「長得最高的叫張宣懷,另外一個叫江松。」
其他兩人,他並沒有介紹他們的家庭情況。
也許在秦嶼深看來,韓凌才是那個值得他多關注的人。
林小小看了他一眼,從話中就聽出秦嶼深和韓凌的哥哥韓修,似乎關係匪淺。
不過秦嶼深沒說,她也沒打破砂鍋問到底。
「嗯。

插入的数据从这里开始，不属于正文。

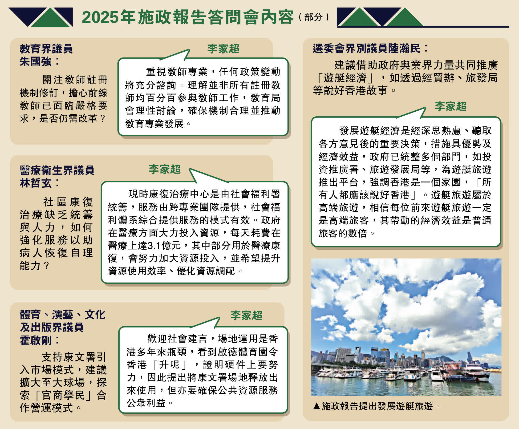 在問答環節,李家超與議員充分互動,共回答了13位議員提問。新界東南立法會議員李世榮指出,政府預留5億元開支推出照顧者措施,但關注資源如何用得到位。李家超回應說,支援照顧者對應對人口老化非常重要。他表示,政府極歡迎社會就資源運用優次提供建議,「如何用好它?如果有意見給我,無任歡迎,更是無言感激」。他同時指出,已責成相關政策局和部門建立需要照顧人士的資料庫,並感謝關愛隊及社會熱心人士提供支援。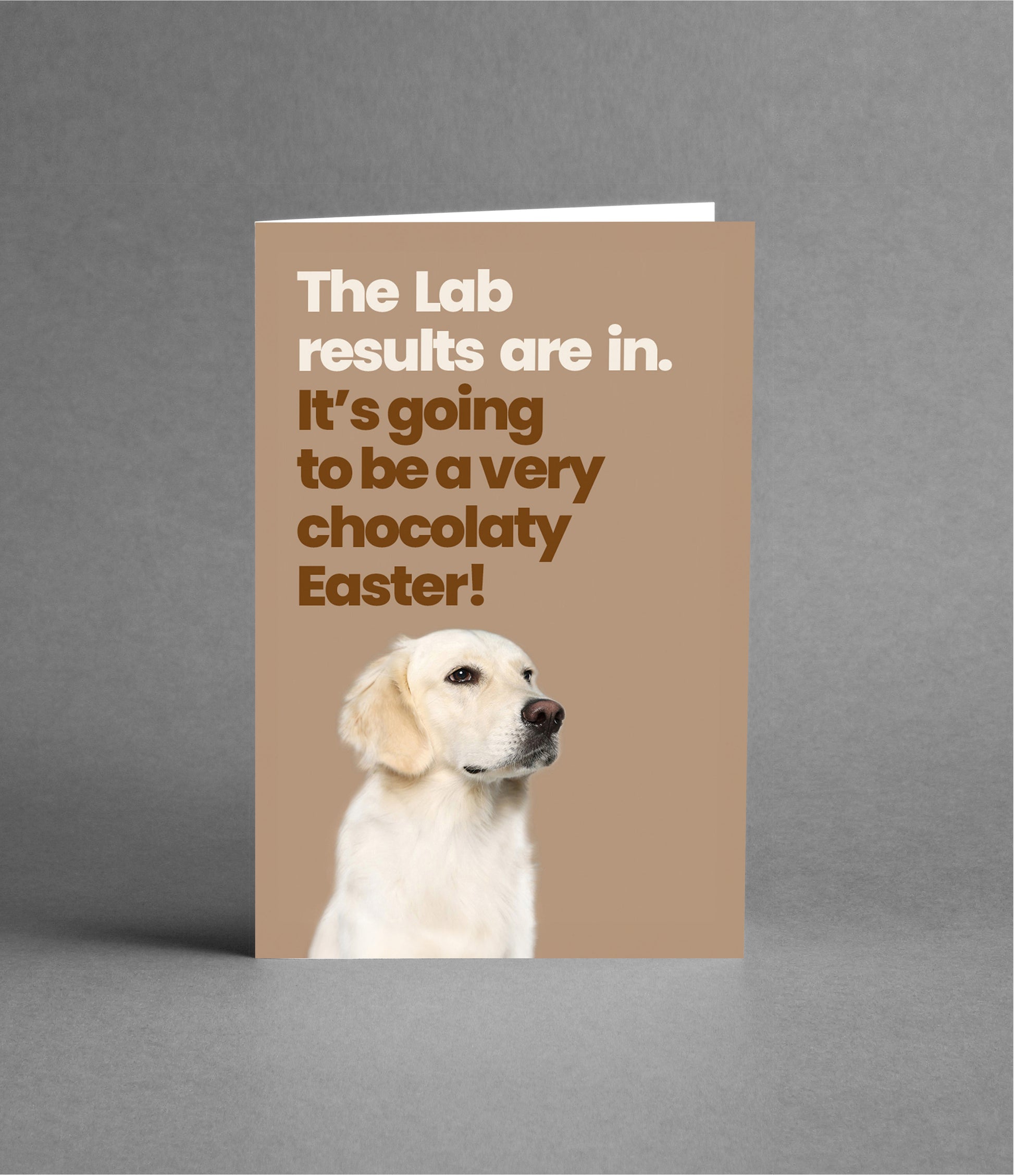 The Lab is pictured on a cocoa coloured, pastel background, staring thoughtfully into the distance. This card is scientifically proven to improve any Easter.

」
人多,秦嶼深足足做了五個菜,每道菜分量都特別足。
忙活了一個小時的三個小伙子,餓得能吃下一頭牛,飯剛上桌就迫不及待地自己衝進廚房盛飯了。
倒是自來熟得很。
「真好吃,秦哥,你竟然有如此手藝,震驚我也!」韓凌長得白白嫩嫩的,看著像個才上高中的高中生,吃飯的姿態很豪放,腮幫子塞得鼓鼓的。
「嫂子,以後我能經常來蹭飯不?」江松厚著臉皮問。
頓時,韓凌和張宣懷都一臉期待地看著林小小。
林小小端起碗,「你們來吃飯,專門勞累我男人是吧?」
秦嶼深每天要訓練,還要管新兵營的新兵,他們兩人吃飯都好對付,一葷一素就解決了。
要是他們三兒都來蹭飯,得做多少飯吶。
林小小才不會拿自己男人去慷慨。
況且,她跟這三個大少爺又不熟,喊一聲嫂子,難不成真像老媽子似的伺候啊。
想多了。
秦嶼深唇角含笑,給她夾了一塊肉,隨後看向依舊眼巴巴的三人,冷聲道,「今天只是例外,以後其他新兵吃什麼你們就吃什麼。」
韓凌三人頓時蔫巴了。
秉持著吃了這頓沒下頓的想法,狼吞虎咽起來。
像是幾百年沒吃過飯一樣。
自從當了兵,他們不是被訓就是被罰,很久沒過正常人的生活了。
好想回家啊啊啊!
三人還是很自覺的,吃完飯,繼續將沒開墾完的地開墾完了才離開。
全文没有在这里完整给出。